Ваш же старик сказал: «Я могу, следовательно, я должен». Это он разумел о гофратах, отправляющихся поутру в должность, и – еще о молодых людях, могущих («а следовательно…») удержаться от девушек… Положим – так. Но ведь не иначе будет и в рассуждении юношей: «Я могу с нею зачать ребенка, и, следовательно, я должен его зачать в ней». Что ответил бы на это Кенигсбергский мудрец?
(Луга – Петерб., вагон)
Что такое пафос égalité? Стоя (в своем мнении) довольно высоко в литературе, я никогда не стал бы ни рваться к ней, ни избегать ее (égalité). «Мне все равно»… Но Поприщин рвался бы к égalité с испанским королем, и Бобчинскому бы, конечно, хотелось бы быть в égalité с губернатором. Что же это значит? Неужели поверить, что дух égalité есть тоска всего униженного, скорбящего о себе, всего «половинчатого» – до уравнения с единицею?
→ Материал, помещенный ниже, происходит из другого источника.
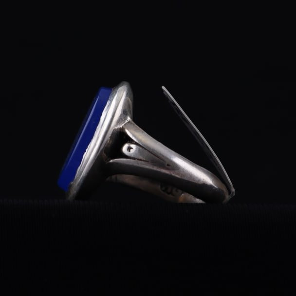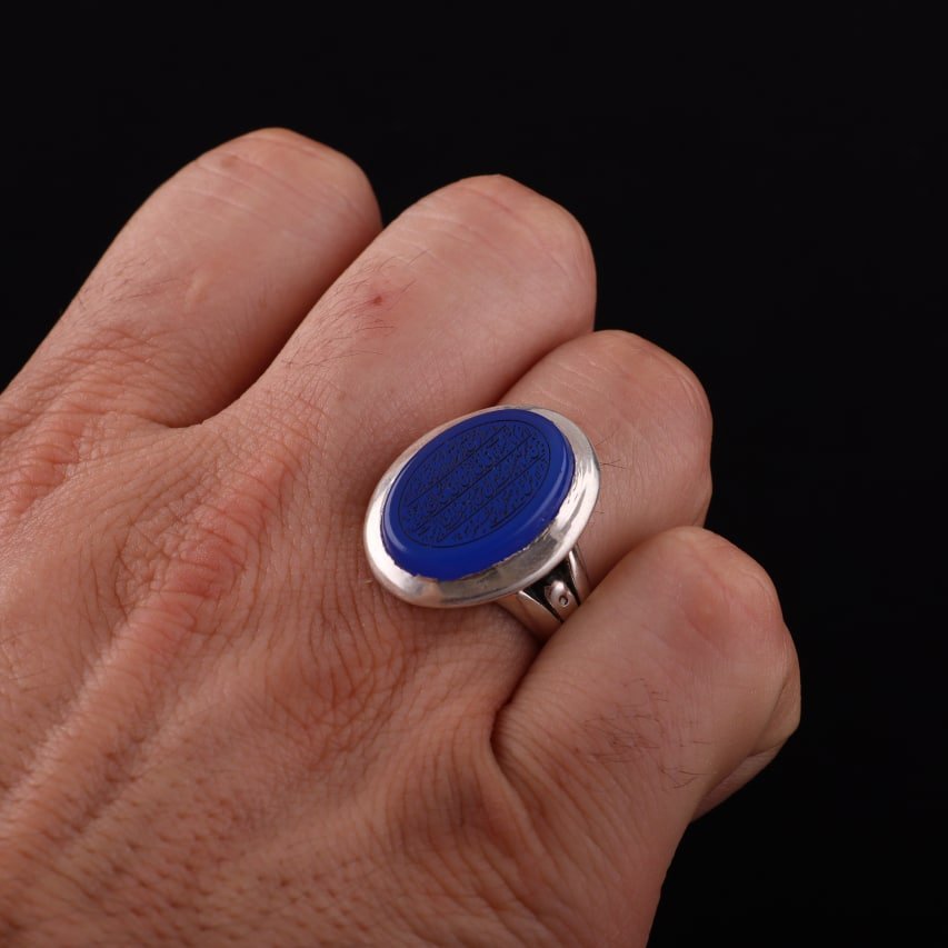 انگشتر مردانه عقیق آبی نقش آیت الکرسی اصل ( انگشتر نقره مردانه )

Дарвин, заявив égalité шимпанзе и человека, гораздо более трудился во «французском духе», чем в английском (как думали; думал Н. Я. Данилевский).
(Луга – Петербург, вагон)
Вот и я кончаю тем, что все русское начинаю ненавидеть. Как это печально, как страшно.
Печально особенно на конце жизни.
Эти заспанные лица, неметеные комнаты, немощеные улицы…
Противно, противно.
(Луга – Петерб., вагон)
И везде лукавство. «Почему этот соня к тому же вечно врет?»
(русские; Луга – Петерб., вагон)
А для чего иметь «друга читателя»? Пишу ли я «для читателя»? Нет, пишешь для себя.
– Зачем же печатаете?
– Деньги дают…
Субъективное совпало с внешним обстоятельством.
Так происходит литература. И только.
(Луга – Петерб., вагон)
Странник, вечный странник и везде только странник.
(Луга – Петерб., вагон; о себе)
Что же была та стрела, которую постоянно чувствовал в моем сердце? И от которой в сущности и происходит вся моя литература?
Это – грех мой.
Через грех я познавал все в мире и через грех (раскаяние) относился ко всему в мире.
(Луга – Петерб., вагон)
Всякая любовь прекрасна. И только она одна и прекрасна.
Потому что на земле единственное «в себе самом истинное» – это любовь.
Любовь исключает ложь: первое «я солгал» означает: «я уже не люблю», «я меньше люблю».
Гаснет любовь – и гаснет истина. Поэтому «истинствовать на земле» – значит постоянно и истинно любить.
(Луга – Петерб., вагон)
Слава – змея. Да не коснется никогда меня ее укус.
(за нумизматикой)
Лежать в теплом песке после купанья – это в своем роде стоит философии.
И лаццарони, вечно лежащие в песке, почему не отличная философская школа?
(за нумизматикой)
Русская церковь представляет замечательное явление. Лютеранство и католичество во многих отношениях замечательнее его, но есть отношения, в которых оно замечательнее их. Обратим внимание, что умы спокойные, как Буслаев, Тихонравов, Ключевский, как С. М. Соловьев, – не искали ничего в ней поправить и были совершенно ею удовлетворены. Вместе с тем это были люди верующие, религиозные, люди благочестивой жизни в самом лучшем смысле – в спокойно-русском. Они о религии специально ничего не думали, а всю жизнь трудились, благородствовали, созидали. Религия была каким-то боковым фундаментом, который поддерживал всю эту гору благородного труда. Нет сомнения, что, будь они «безверные», – они не были бы ни так благородны, ни так деятельны. Религиозный скептицизм они встретили бы с величайшим презрением. «Допросы» Православию начинаются ниже (или в стороне?) этого этажа: от умов более едких, подвижных и мелочных. Толстой, Розанов, Мережковский, Герцен – уже не Буслаев, с его вечерним тихим закатом. Это – сумятица и буря, это – злость и нервы. Может быть, кое-что и замечательное. Но не спокойное, не ясное, не гармоничное.